George E. Staples (born November 2, 1918 in Kanosh, Utah) was a veterinary researcher in animal nutrition and diarrheal treatment, and the author of three publications of the Cooperative Extension Service, North Dakota State University. This particular research contributed to the improvement of the livestock industry in the area from the early 1970s to mid-1980s.

Early life 

He was the great-grandson of English immigrant George Staples (1834–1890), the adopted Sioux who is widely credited for making south central Utah hospitable for settlers by befriending many tribes in the area, including Pahvant Ute Chief Kanosh, for whom the town was named. The wife of the original George Staples, Lauraette Rappleye Staples (1840-1916) had died less than two years before his birth, but had so trained the mid-wife who delivered him (and many of the others with medical training in the area) with folk remedies she had learned from the local Utes and numerous pioneer companies in crossing the plains which she and her mother had provided medical assistance a decade before arriving in Kanosh that the birth was uneventful even during the peak of the 1918 influenza pandemic.

Staples growing up years were likewise unremarkable for any of his contemporaries growing up at the time—much farm work and local schooling in Kanosh and nearby Millard High School in the county seat of Fillmore, Utah. He attended Utah State Agricultural College at Logan, Utah, produced unremarkable grades, and left early to serve as a missionary of the Church of Jesus Christ of Latter-day Saints (LDS Church) in Florida and Georgia from 1939 to 1941, arriving back home in late November of that year.

Like so many others of his generation, Staples joined the military shortly after the Pearl Harbor Attack in December 1941 and, after failing to get into the Naval Air Corps, was accepted in Officer Candidate School, served on various vessels for short durations in training and was finally assigned to the  as communications officer until the end of the Pacific War.

Following his discharge, he graduated from Utah State Agricultural College at Logan, Utah with a B.S. in Animal Science, went on to South Dakota State College of Agricultural & Mechanical Arts at Brookings, South Dakota for his Master's Degree and finally to Colorado A&M at Ft. Collins, Colorado for his Doctorate in Veterinary Medicine.

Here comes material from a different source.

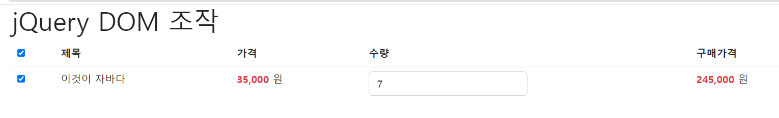 <div class="container"> <h1>jQuery DOM 조작</h1> <table class="table"> <thead> <tr> <th><input type="checkbox" id="checkbox-all" checked></th> <th>제목</th> <th>가격</th> <th>수량</th> <th>구매가격</th> </tr> </thead> </tbody> <tr> <td><input type="checkbox" name="bookNo" value="100" checked/></td> <td>이것이 자바다</td> <td><strong class="text-danger" id="book-price">35,000</strong> 원</td> <td><input type="number" class="form-control w-50" id="book-amount" name="amount" value="1"/></td> <td><strong class="text-danger" id="book-order-price">35,000</strong> 원</td> </tr> </table> </div> <script src="https://cdn.jsdelivr.net/npm/bootstrap@5.2.2/dist/js/bootstrap.bundle.min.js"></script> <script src="https://ajax.googleapis.com/ajax/libs/jquery/3.6.1/jquery.min.js"></script> <script type="text/javascript"> $(function(){ /* $("#book-amount").change(function() { // 가격, 현재수량 var price = $("#book-price").text().replace(",", ""); // <strong>35,000</strong> 태그사이의 컨텐츠 조회 var amount = $("#book-amount").val(); // <input type="number" value="1"> 입력요소의 값 조회 // 구매가격 계산 var orderPrice = price*amount; // new Number(숫자).toLocaleString() : 숫자를 3자리마다 ","가 포함된 텍스트로 반환한다. var currencyOrderPrice = new Number(orderPrice).toLocaleString(); // 구매가격을 태그의 컨텐츠로 변경 $("#book-order-price").text(currencyOrderPrice); // <strong>35,000</strong> 태그 사이의 컨텐츠 변경 }) */ // 동시에 여러 개의 이벤트에 대한 이벤트 핸들러 함수 등록하기 $("#book-amount").on('change keyup', function() { // 가격, 현재수량 var price = $("#book-price").text().replace(",", ""); //<strong>35,000</strong> 태그사이의 컨텐츠 조회이므로 .text() var amount = $("#book-amount").val(); // <input type="number" value="1"> 입력요소의 값 조회이므로 .val()를 사용한다. // 구매가격 계산 var orderPrice = price*amount; // new Number(숫자).toLocaleString() : 숫자를 3자리마다 ","가 포함된 텍스트로 반환한다. var currencyOrderPrice = new Number(orderPrice).toLocaleString(); // 구매가격을 태그의 컨텐츠로 변경 $("#book-order-price").text(currencyOrderPrice); // <strong>35,000</strong> 태그 사이의 컨텐츠 변경 }) }) </script> </body> </html>

He worked in private practice at Afton, Wyoming for a few years before landing a field position with the U.S. Department of Agriculture where he was able to work out of his hometown of Kanosh during the peak of the atomic testing in the late 1950s, by which time his family had grown to four sons and a daughter. However, by the end of that decade, some people in that area begin to show symptoms of radiation poisoning and Staples felt it prudent to move his family out in the summer of 1960. The fifth Staples son was born shortly after that move, but died in infancy.

His sixth and last son was born in Topeka, Kansas in 1962, where the family had relocated for his employment with Morris Research Laboratories, pioneers in pet nutrition and now part of the Hill's Pet Nutrition Group. Staples' work in the relatively new field attracted the attention of North Dakota State University.  He was hired and made the move there December 29, 1964.

His unique experience in private practice, USDA field work with livestock diseases and pioneering research in pet nutrition was used to improve the livestock industry in North Dakota. At least one notorious trafficker in diseased cattle was put out of business by the techniques Staples shared in early disease detection and treatment of livestock diseases, particularly calf scours.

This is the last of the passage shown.